# 2012 Routan ---- A Rabbit decided to hide under the hood......



## d4ever777 (Sep 14, 2016)

As the title says, a rabbit decided to hide under the hood of my Routan, and while it was trying to get away while my wife was trying to scare it out from the top, it squeezed through the section pictured. It managed to break off part of the wire that is going to some kind of sensor (I am assuming).

Since that wire broke, I have a hard shift every time I go into Drive, and of course, the check engine light is on. I went to the closest auto store (Napa) and they were not able to help me find the part/harness I need.
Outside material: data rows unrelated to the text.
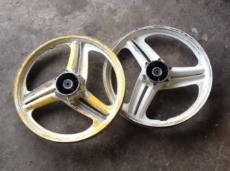 Vends deux jantes grimeca AR en bon état , juste 3 couches de peintures à décaper (jaune (origine) , blanc, et noir).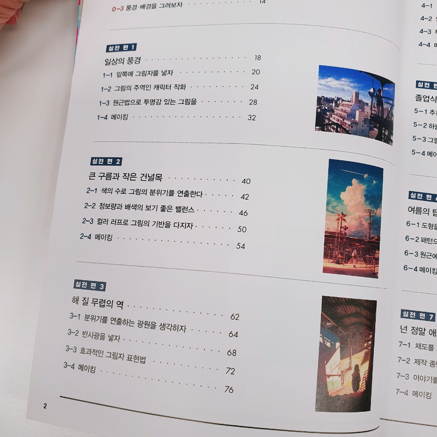 이렇게, 목차는 7개 일러스트를 완성하는 과정들만을 다룰 것처럼 구성돼있지만, 그 내용은 각각 독립적인 이론들과 지식들로 구성돼있고, 이런 기본기들이 실제로 어떻게 활용되고 조합되어 일러스트를 완성해 나가는지를 구조적으로 보여줍니다.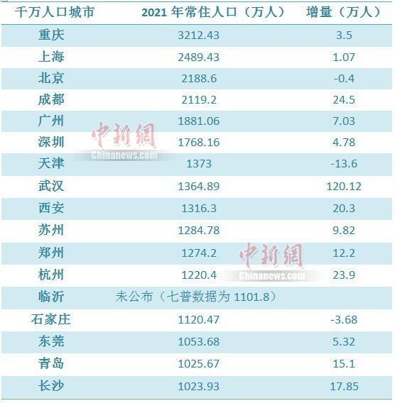 根据2021年常住人口数据排行,人口超过千万的17个城市分别是:重庆、上海、北京、成都、广州、深圳、天津、西安、苏州、郑州、武汉、杭州、临沂、石家庄、东莞、青岛、长沙。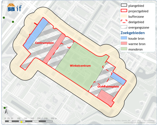 De afstanden tussen de stroken en de oriëntatie van de stroken zijn bepaald op basis van de te verwachten waterverplaatsingen binnen de deelgebieden. Binnen het warme zoekgebied in het deelgebied Olof Palmeplein wordt een busplatform gerealiseerd. De exacte ligging hiervan is nog niet bekend. Mogelijk dat een deel van het zoekgebied hierdoor niet geschikt zal zijn voor het plaatsen van bronnen. Omdat in dit zoekgebied, bij een collectief systeem voor dit deelgebied, maar één warme bron gerealiseerd hoeft te worden, is de verwachting dat er binnen het zoekgebied, ook wanneer een deel wegvalt, mogelijkheden blijven om een bron te plaatsen.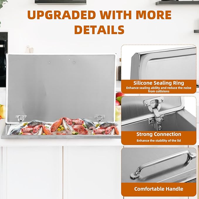 Upgraded Drop in Ice Chest, Stainless Steel Ice Cooler, Commercial Ice Bin with Cover, Outdoor Kitchen Ice Bar, Drain-Pipe and Drain Plug Included, for Cold Wine Beer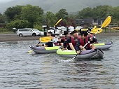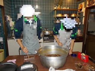 あまごは先生に焼いてもらっています。その間にレクレーション大会の準備を進めています。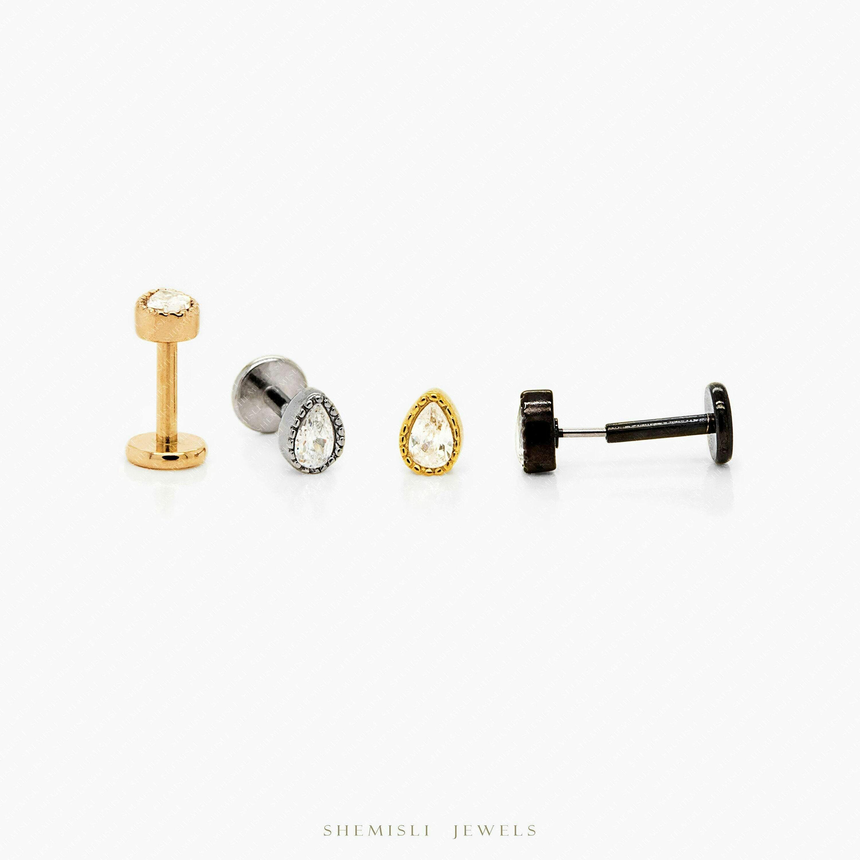 Tiny Teardrop White Stone Threadless Flat Back Earring, 20,18,16ga,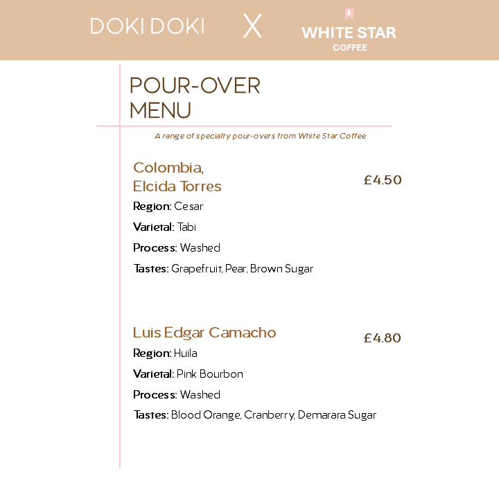 - Pour-Over Coffee Menu: Specialty pour-over coffee options are available, featuring beans like Colombia Elcida Torres and Luis Edgar Camacho, which cater to coffee enthusiasts seeking a refined brewing method.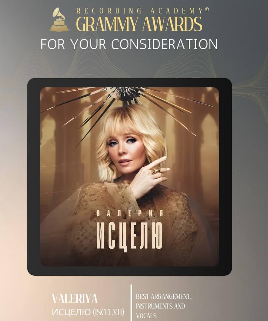 Певица Валерия поборется за Грэмми — трек артистки «Исцелю» прошел отборочный этап премии.

The next closest auto store is 35 minutes away and before I make that drive, I wanted to see if I could get some help on here.

The pics:

http://i.imgur.com/WyHIAcA.jpg

http://i.imgur.com/U9NFORf.jpg

http://i.imgur.com/dtCTCVS.jpg

http://i.imgur.com/kuvbwb5.jpg

I believe I can solder and splice the harness back together, but I can't even figure out exactly what this does and I don't know what else I could effect if I do something wrong.
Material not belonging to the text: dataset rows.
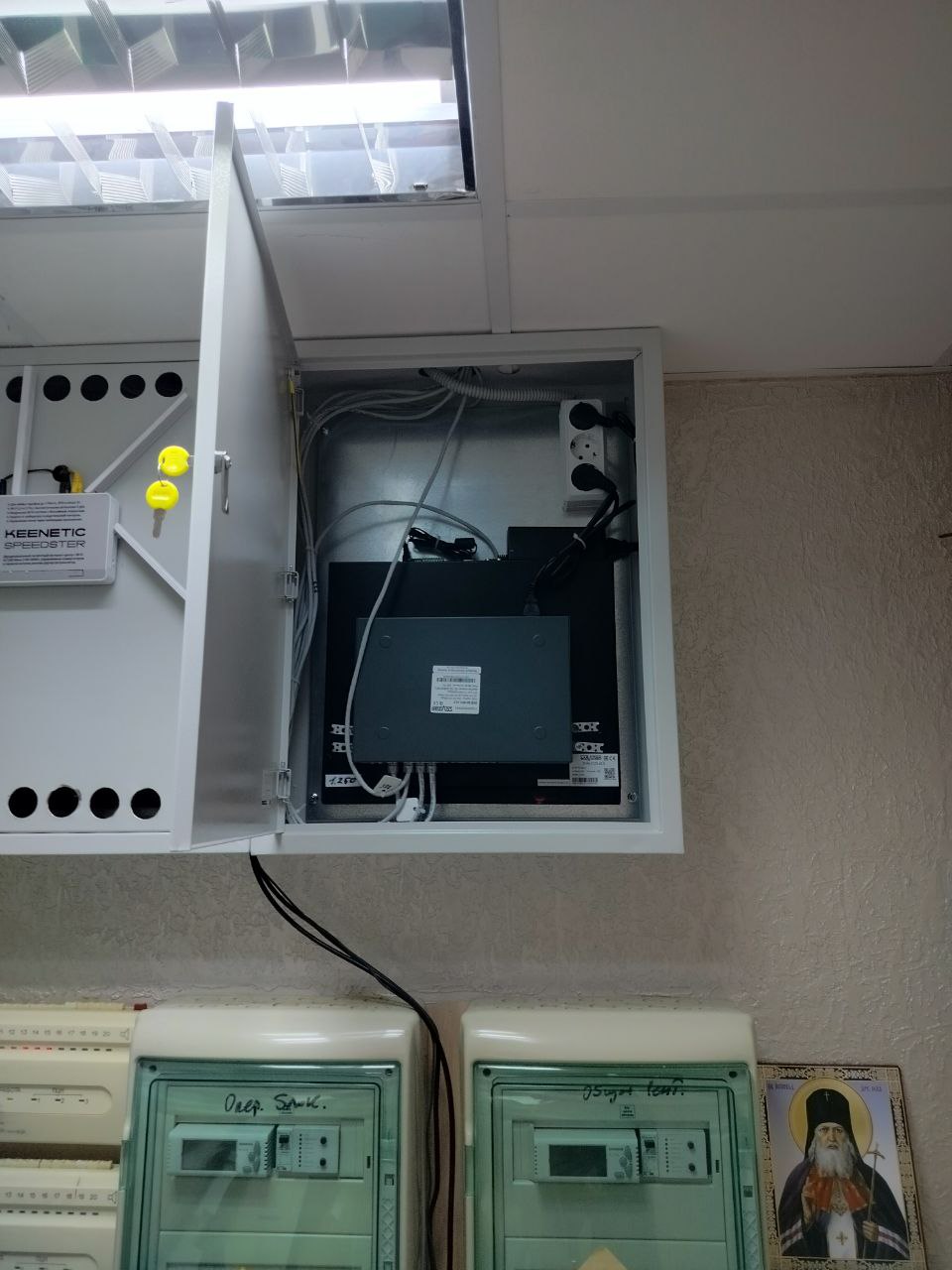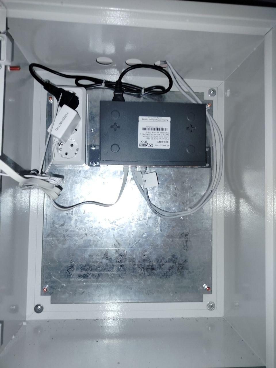 Установка 2 коммуникационных шкафов. Один установлен на первом этаже, где ресепшен. В этом шкафу поставили SVN-6125 v2.0 видеорегистратор сетевой, POE-коммутатор Satvision SVB-608PC. Второй в подвальном помещении. В этом шкафу установили POE-коммутатор Satvision SVB-608PC и роутер Keenetic Speedster — Гигабитный интернет-центр с Mesh Wi-Fi 5 AC1200, 4-портовым Smart-коммутатором и переключателем режима роутер/ретранслятор.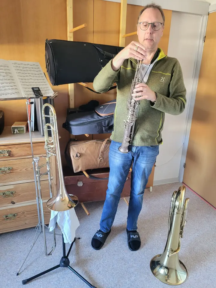 Jeg spiller mest på trombone, men også althorn, bariton, euphonium og alt muligt andet, smiler Kent. Jeg skriver også selv musik til de forskellige instrumenter – det er en stor fornøjelse for mig. Gamle instrumenter er spændende for mig, og jeg har fået en del restaureret.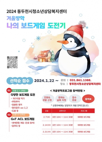[금요저널] 동두천시 청소년상담복지센터는 겨울방학을 맞이해 관내 초등학생을 대상으로 ‘2024 겨울방학 프로그램 - 나의 보드게임 도전기’를 개설한다고 밝혔다.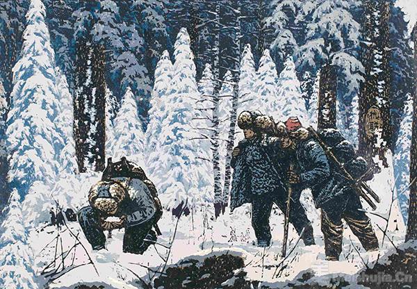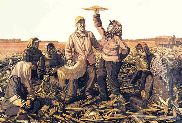 展览的第二部分反映了社会主义建设初期我国各民族人民的生产生活图景、精神风貌。晁楣是北大荒版画的主要开拓者之一。1958年,27岁的晁楣转业,参加北大荒垦区的开发建设。此次展出的《北方九月》是他的代表作之一。这幅作品构图开阔深远,层层叠叠的红高粱,充满火红的醉人诗情。被夸张了的高粱的形与色,也是作者亲自参加北大荒劳动的情感的表现。张作良的《通向密林深处》则展现了白桦林中,社会主义建设的如火如荼,画面大气磅礴、恢弘豪放,给人以美的享受。此外,张祯麒的《黑土早春》、郝伯义的《初踏疆原》、陈龙的《梦回赫乡》等,则反映了不同季节,东北大地自然景观和社会生产的蓬勃景象。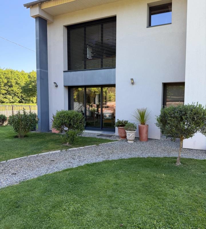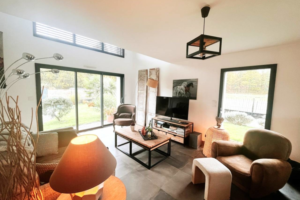 La lumière naturelle inonde le vaste salon-séjour ouvert sur une cuisine moderne entièrement équipée, offrant un espace convivial et chaleureux. Au rez-de-chaussée, vous trouverez également une suite parentale avec dressing et salle d’eau, un sanitaire séparé et une buanderie pratique.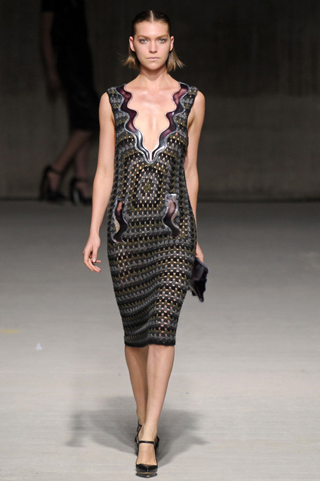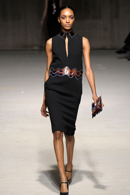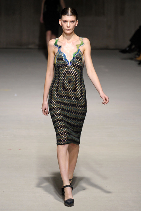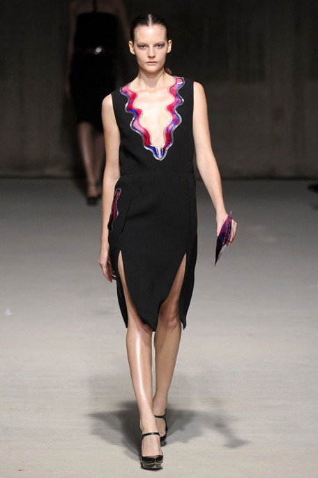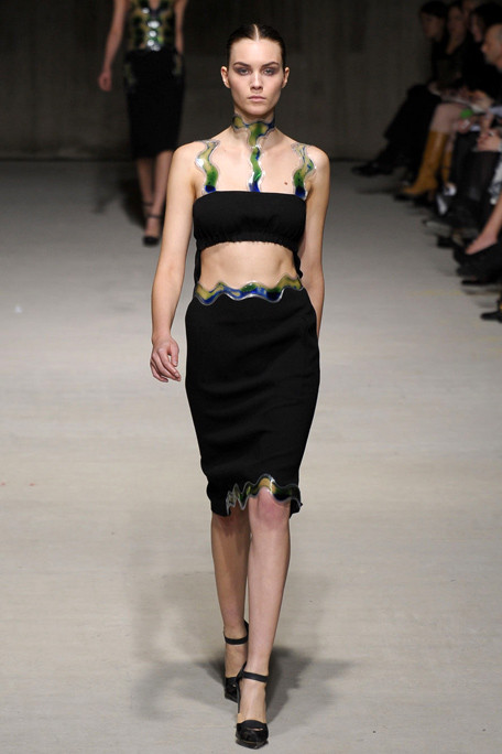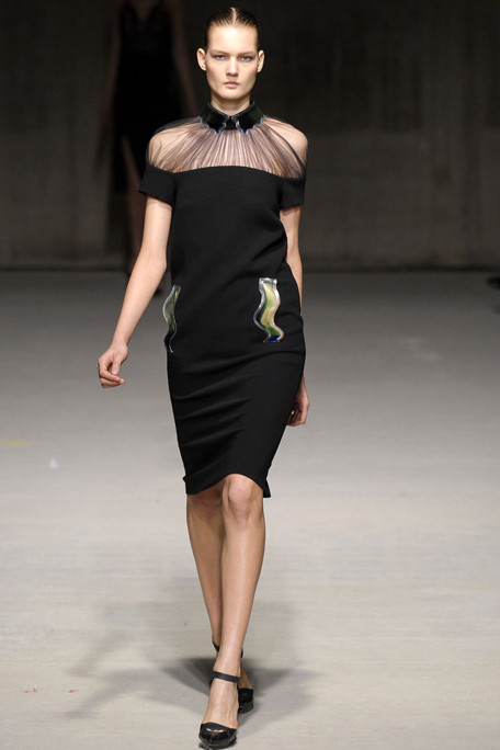 Sự "mê man" trong gam màu đen cuốn hút hòa cùng họa tiết đường thêu là điểm nhấn đặc biệt trong bộ sưu tập của Christopher Kane. Đường cắt ở cổ, chân váy được lấy cảm hứng mềm mại từ chiếc đuôi cá, rong biển cũng tạo nên sự tươi mới trong show lần này.

Thanks in advanced for any help!!!


----------



## nater (Apr 10, 2000)

Looks like it could be some type of speed sensor...
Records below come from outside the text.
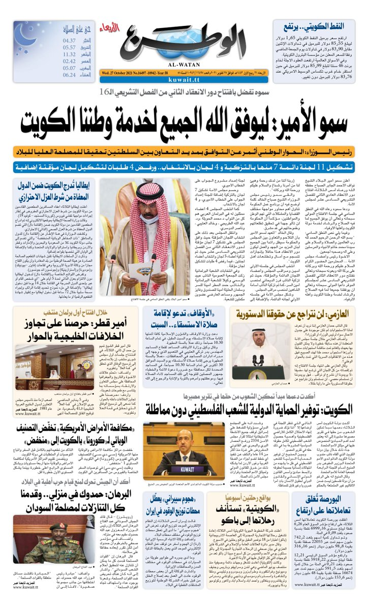 عناوين الصحف الكويتية ليوم الأربعاء 27 أكتوبر 2021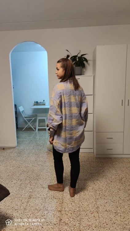 Мягкая, достаточно теплая, без подкладки. На размер 44-46 очень оверсайз. Доставка долгая, больше 60 дней. В целом - довольна, пригодится в следующем сезоне.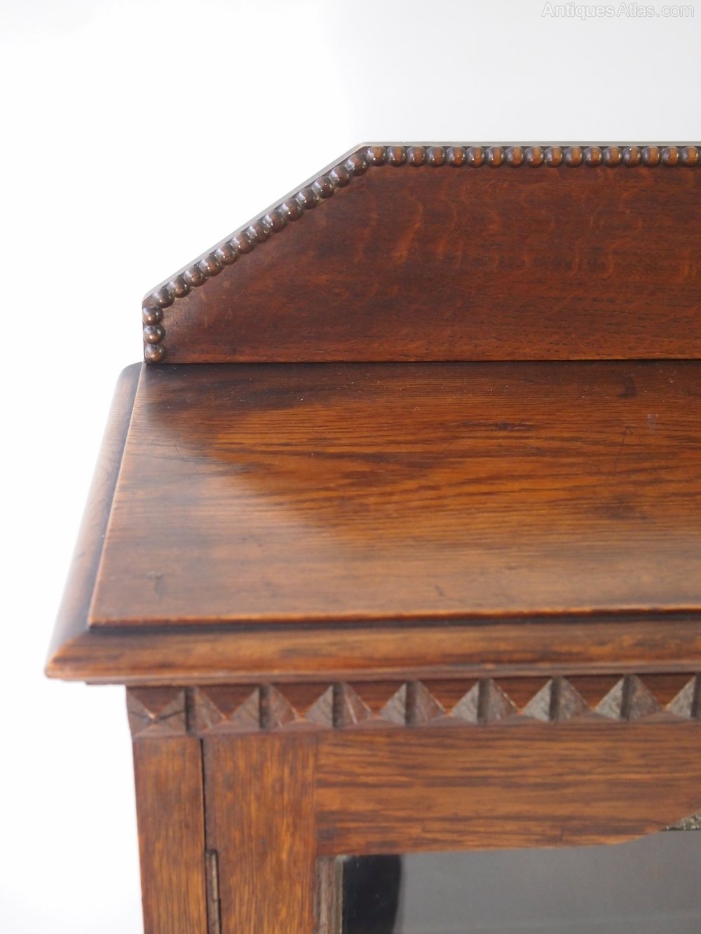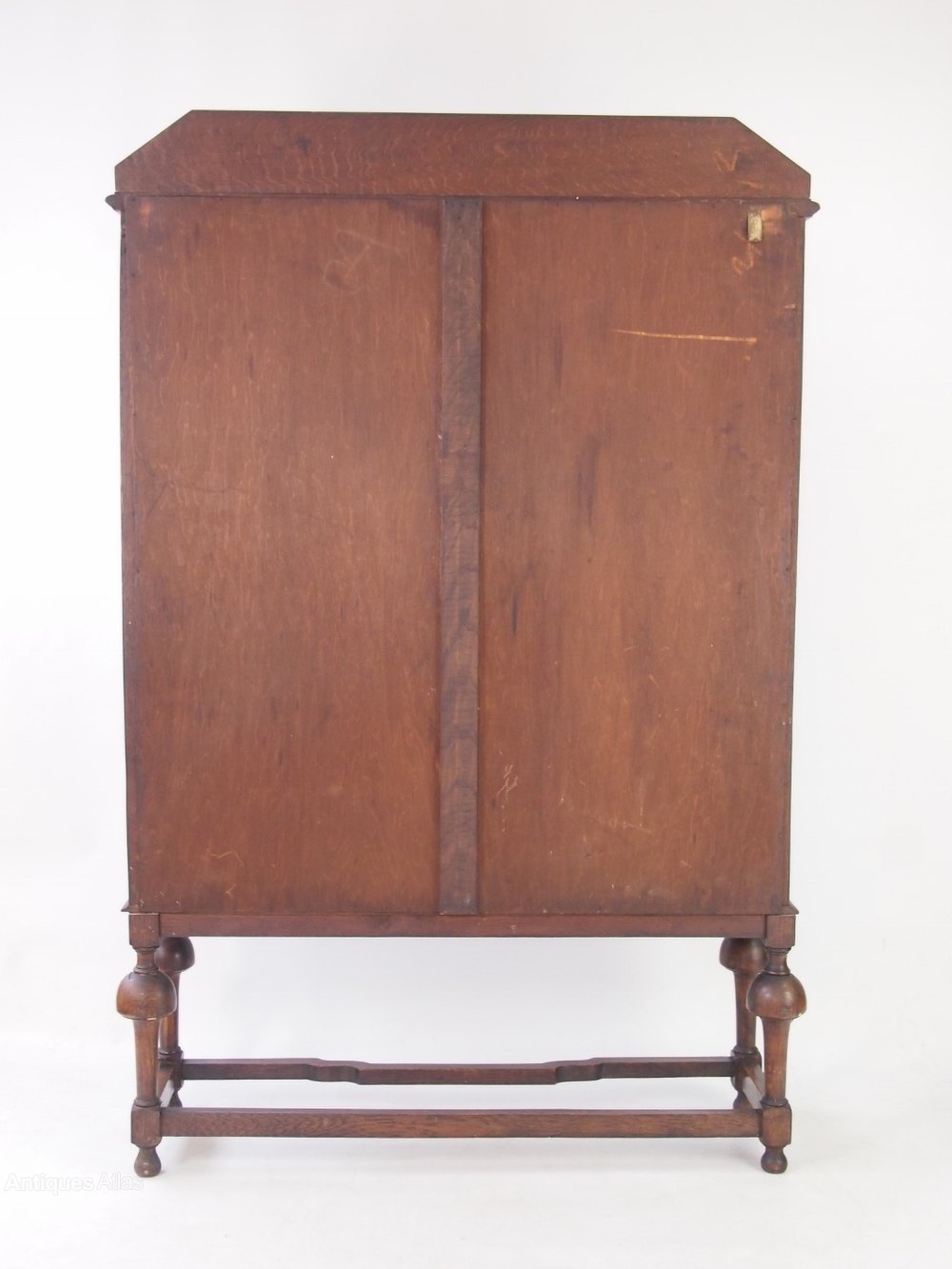 Good condition, warm patina to oak, locks and comes with working key, Door slightly warped to bottom with small gap where two doors meet.

Sent from my iPhone using Tapatalk


----------



## georgef61 (May 16, 2011)

Definitely one of the two output speed sensors.

Mopar sells a connector kit part number 5014002AA.


----------



## d4ever777 (Sep 14, 2016)

georgef61 said:


> Definitely one of the two output speed sensors.
> 
> Mopar sells a connector kit part number 5014002AA.



I just saw this post, and wanted to say thanks for the info!

As an update, I was able to splice in and crimp/solder the wires back to the connector. I made sure to protect the area with a layer of heat shrink. It needed a little bit of running after so the computer could "relearn" the shifting points, but has been running great ever since. 


If I do run into problems again though, at least now I know the connector to order. :thumbup:


----------